■ Source data:

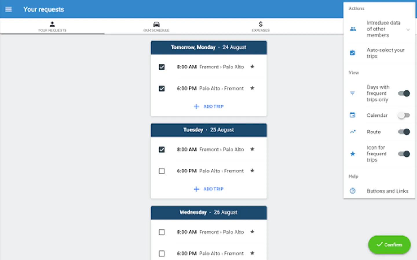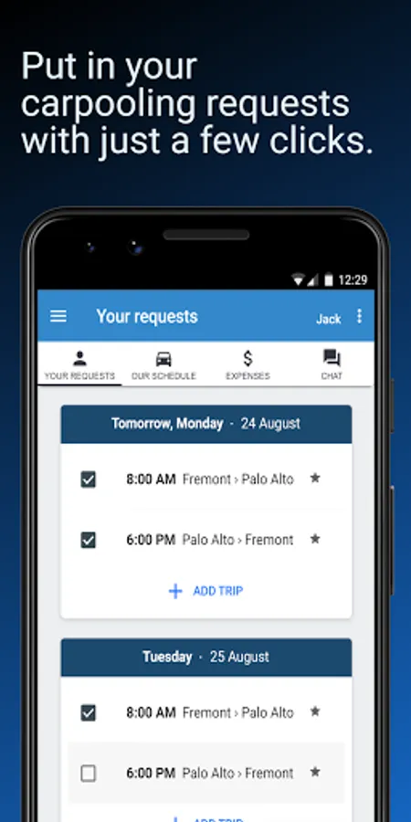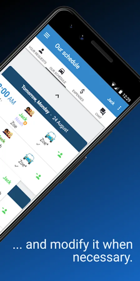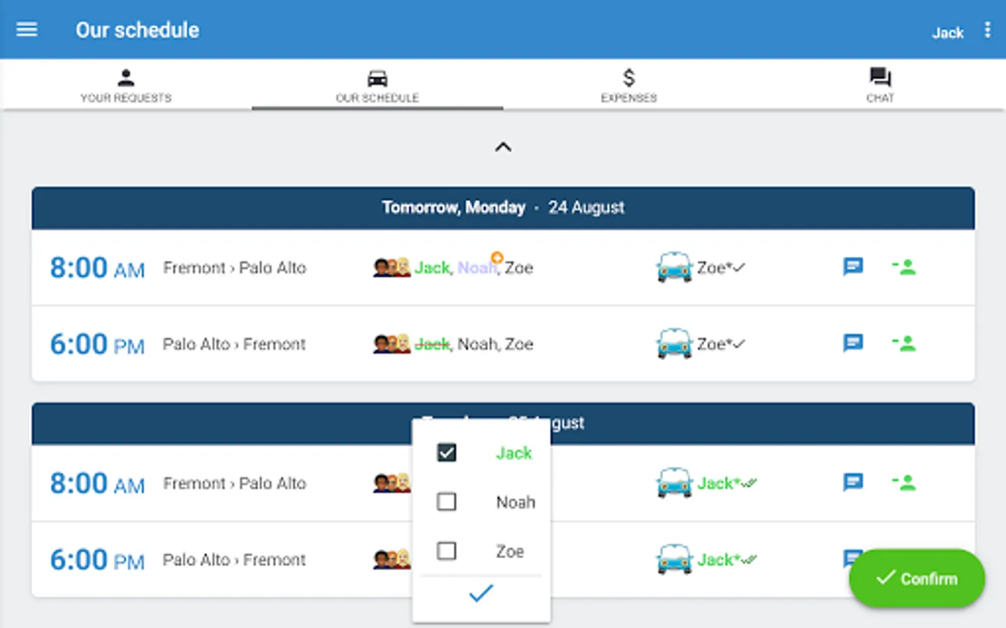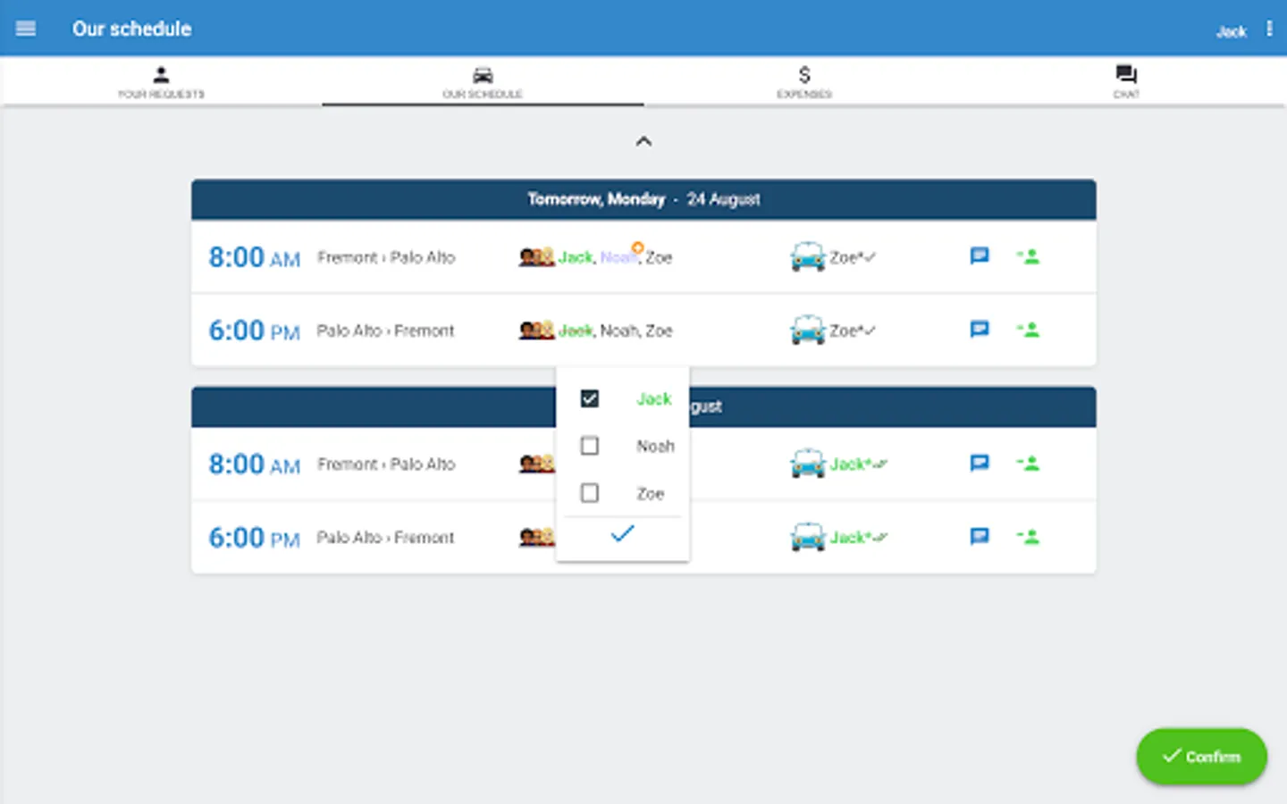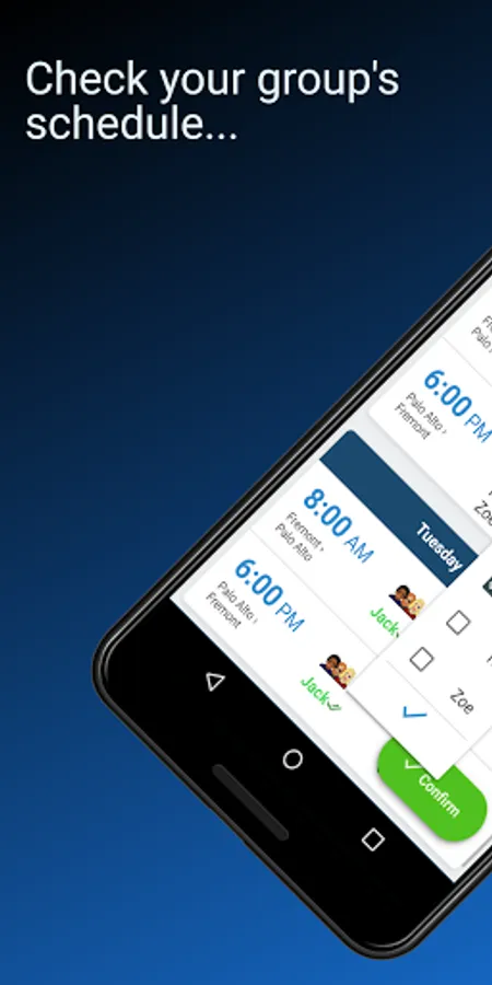 • Each user can select routes, days and times from the schedule of your carpool in a few seconds.
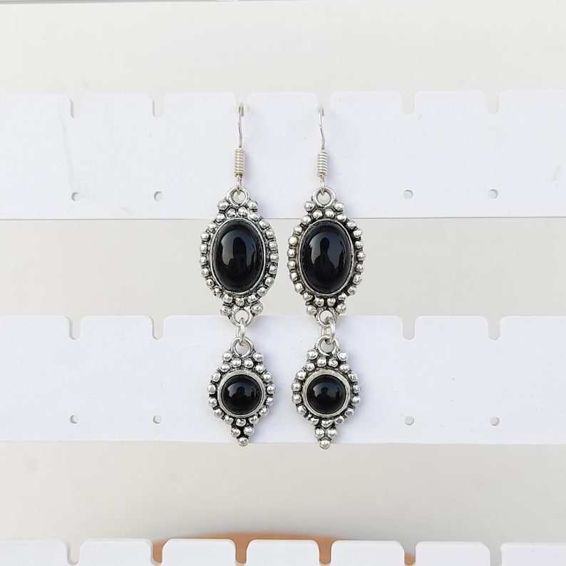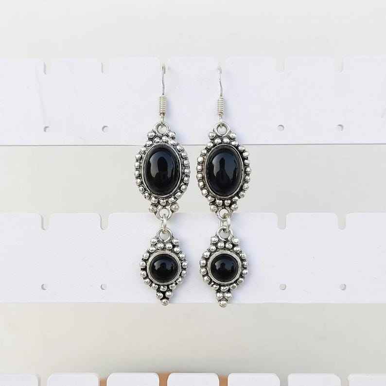Black Onyx Multi Stone Dangle Drop Earrings 925 Silver Plated Ear Wire Crystal Design Handmade Boho Jewelry Gift for Her
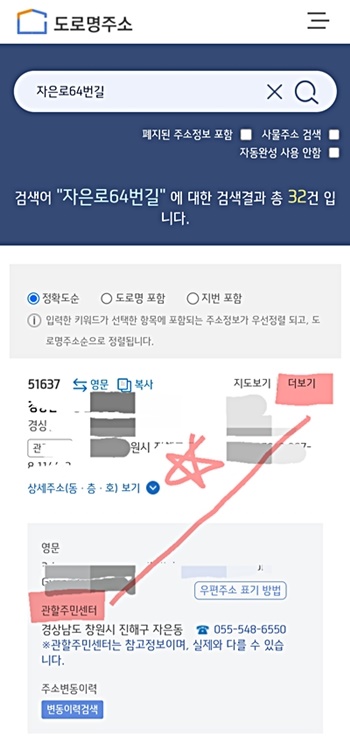 '도로명 주소 안내시스템' 홈페이지로 들어가시면 제일 먼저 나오는 검색창에 여러분이 사시는 곳의 주소를 적습니다. 그러면 아래에 결과가 나오는데 오른쪽으로 보시면 '더 보기'가 보입니다. 이 '더 보기'를 클릭하시면 그 아래로 '관할주민센터'가 영문 주소와 함께 표시가 됩니다.
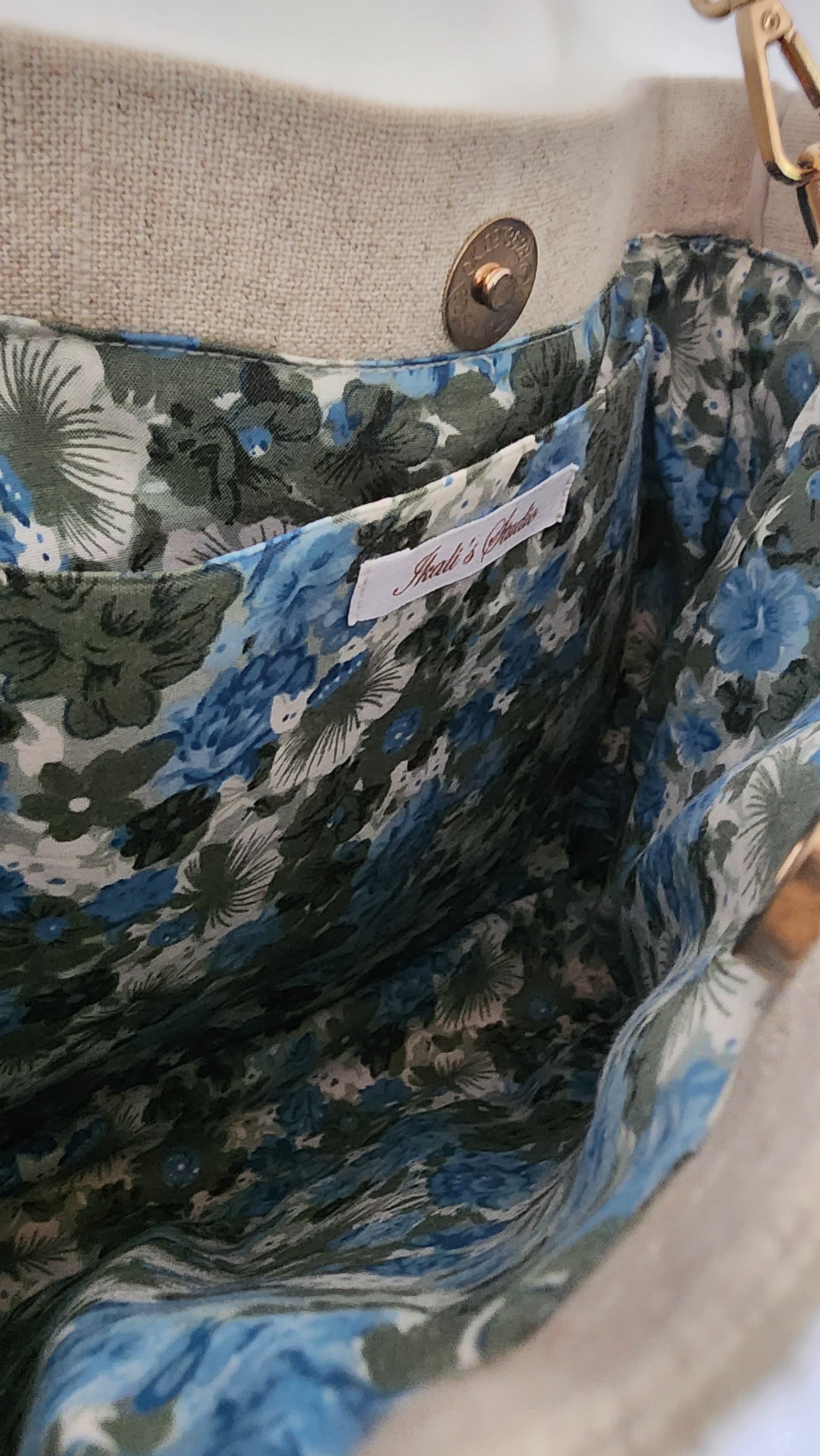 Our Kumstu bo bag is hand-embroidered. It has a linen (outer shell) with cotton lining. Each bag has two pockets on the inside. A magnetic button is also placed in the center to shut the opening. The bag is fused so it is stiff and holds its shape.
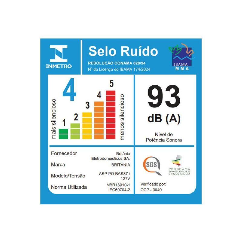 Aspirador De Pó Britânia 20L Função Sopro BAS87 110VImagine eliminar toda a sujeira da sua casa com um único equipamento. O Aspirador de Pó Britânia BAS87 combina 1500W de potência e 20L de capacidade para resolver desde limpezas rotineiras até aqueles desafios mais difíceis. Com ele, você aspira pó, líquidos e até sujeiras persistentes em ambientes internos e externos, sem precisar parar para esvaziar o recipiente a todo momento.A função sopro transforma seu aspirador em um aliado versátil: encha colchões de ar, balões ou acenda a churrasqueira com facilidade. Os acessórios completos incluídos garantem limpeza em pisos, carpetes, cantos e móveis, enquanto as rodinhas ágeis e o cabo de 3,2 metros oferecem mobilidade para limpar grandes áreas sem trocar de tomada.Com filtro lavável e design prático, o Aspirador de Pó Britânia 20L 1500W BAS87 é a solução inteligente para quem busca eficiência e durabilidade. Adquira já e transforme a limpeza da sua casa em uma tarefa rápida e satisfatória!Principais CaracterísticasPotência: 1500WEspecificação do plug (A): 10ACapacidade total do reservatório de pó (L): 20 litrosAlcance (m): 3,2 metrosTamanho da base (cm): 26cmAcessórios: 01 acessório para pisos e carpetes, 01 acessório para frestas e cantos, 01 acessório para sofá, 01 para sopro, 02 tubos prolongadoresRodinhas para movimentação: 4 rodinhasFuncionamento com fioSuporte para enrolar o cordão Capacidade de sucção (mbar): 12,5 litros para sucção de líquidos e 5 litros para sucção de póAlça para transportarGiro da base: 30° de inclinação e 180° de giro.Observação: Somente faturamos para o nosso consumidor final, ou seja, não faturamos pedidos para CNPJ por este portal de vendas.Especificações TécnicasMarca: BritâniaModelo: BAS87Função Soprar: SimAspira Líquidos: SimEstado: NovoCapacidade: 20 LPotência (W): 1500WComprimento cordão elétrico (metros): 2,82Consumo (kW/h): 1,5Porta fio: SimNível de ruído (dB): 94Cor: PretoTipo: Com rodasAcessórios: 01 acessório para pisos e carpetes, 01 acessório para frestas e cantos, 01 acessório para sofá, 01 para sopro, 02 tubos prolongadores.Altura do produto: 52 cmLargura do produto: 35,8 cmComprimento do produto: 35,8 cmPeso do produto: 4,495 kgAltura com embalagem: 50 cmLargura com embalagem: 35,4 cmComprimento com embalagem: 35,3 cmPeso com embalagem: 5,306 kgGarantia (meses): 12
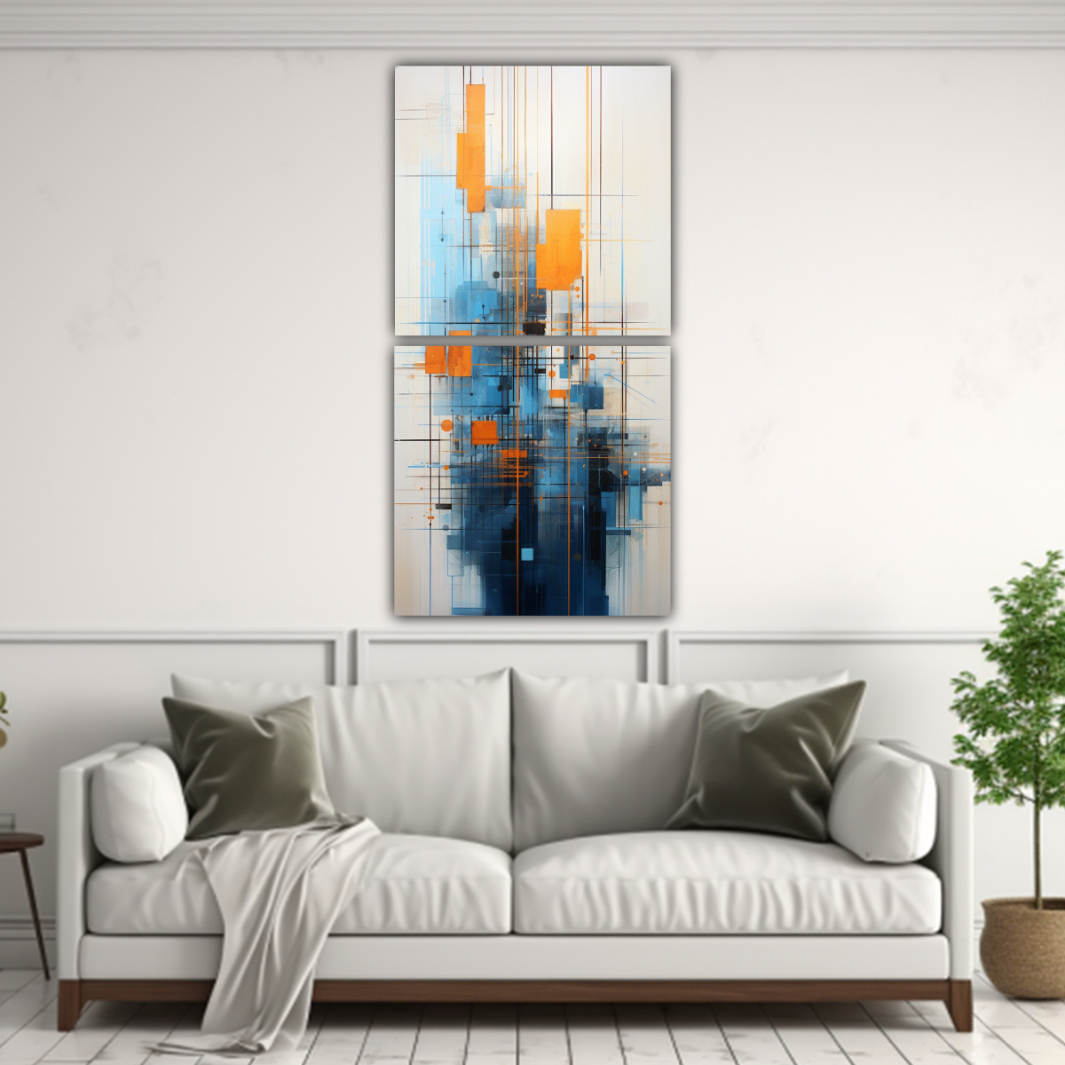 Este cuadro abstracto de paisaje urbano en azul y naranja es perfecto para resaltar en la sala de estar Colócalo sobre un sofá gris claro o beige para crear un contraste elegante y moderno Combínalo con cojines en tonos azules y naranjas para completar la armonía del espacio También puedes colocarlo en el estudio o en la oficina para agregar un toque de creatividad ¡Deja que este cuadro sea el centro de atención en tu decoración!
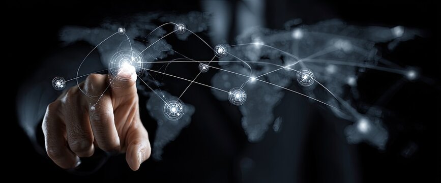 A hand points to a digital world map overlayed with a network of connections, highlighting global interconnectedness in a professional setting.
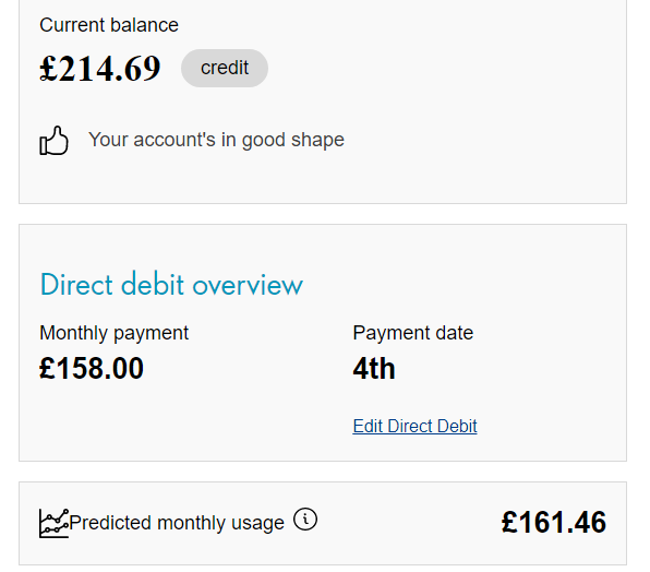 I'm then paying £128.59 for what? Another 5 more months of it being around £30-£40 then being in credit by £800 ish.
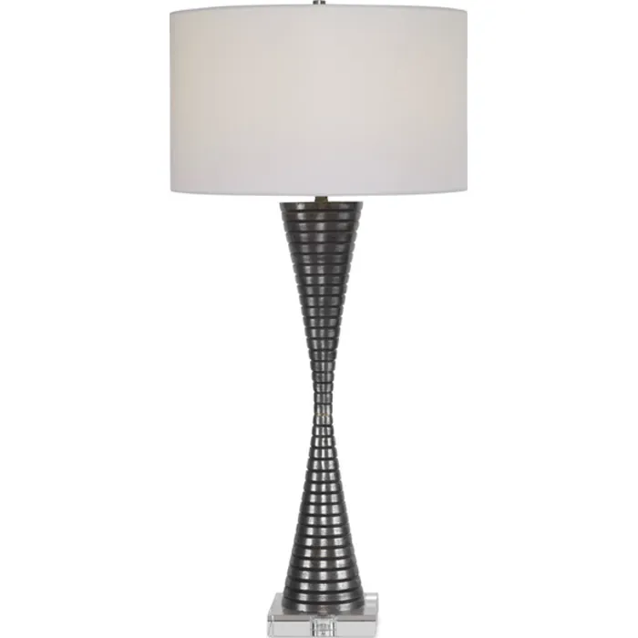 Constructed From Cast Iron, This Table Lamp Features A Masculine Look With Ribbed Texture And An Hourglass Silhouette, Displayed On A Thick Crystal Foot. A White Hardback Drum Shade Completes The Look.
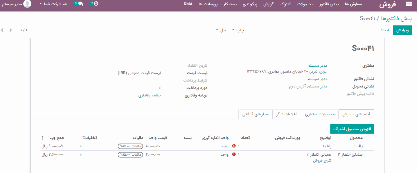 پس از فعال کردن گزینه، می توانید در پیش فاکتور فروش خود، ویژگی "تخفیف %" را در سطر آیتم های سفارش را مشاهده کنید.
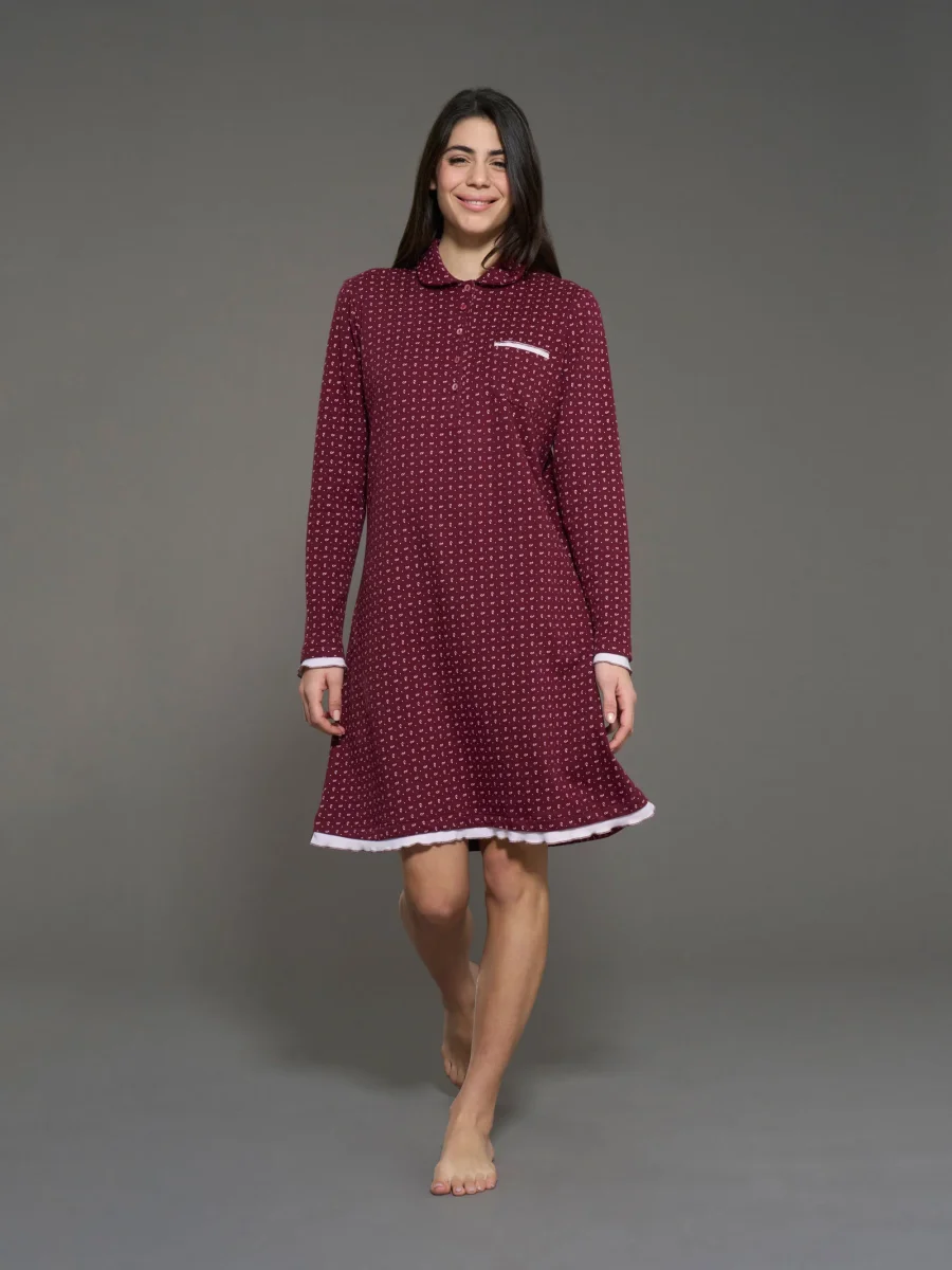 Scopri il comfort e l’eleganza senza tempo della camicia da notte da donna in interlock di caldo cotone.

■ Task instructions: All that should appear in the answer is the lines above from the line with "함께 표시가 됩니다." through the line with "Our Kumstu bo", retyped exactly, pictures left out.

■ Answer section:
 '도로명 주소 안내시스템' 홈페이지로 들어가시면 제일 먼저 나오는 검색창에 여러분이 사시는 곳의 주소를 적습니다. 그러면 아래에 결과가 나오는데 오른쪽으로 보시면 '더 보기'가 보입니다. 이 '더 보기'를 클릭하시면 그 아래로 '관할주민센터'가 영문 주소와 함께 표시가 됩니다.
 Our Kumstu bo bag is hand-embroidered. It has a linen (outer shell) with cotton lining. Each bag has two pockets on the inside. A magnetic button is also placed in the center to shut the opening. The bag is fused so it is stiff and holds its shape.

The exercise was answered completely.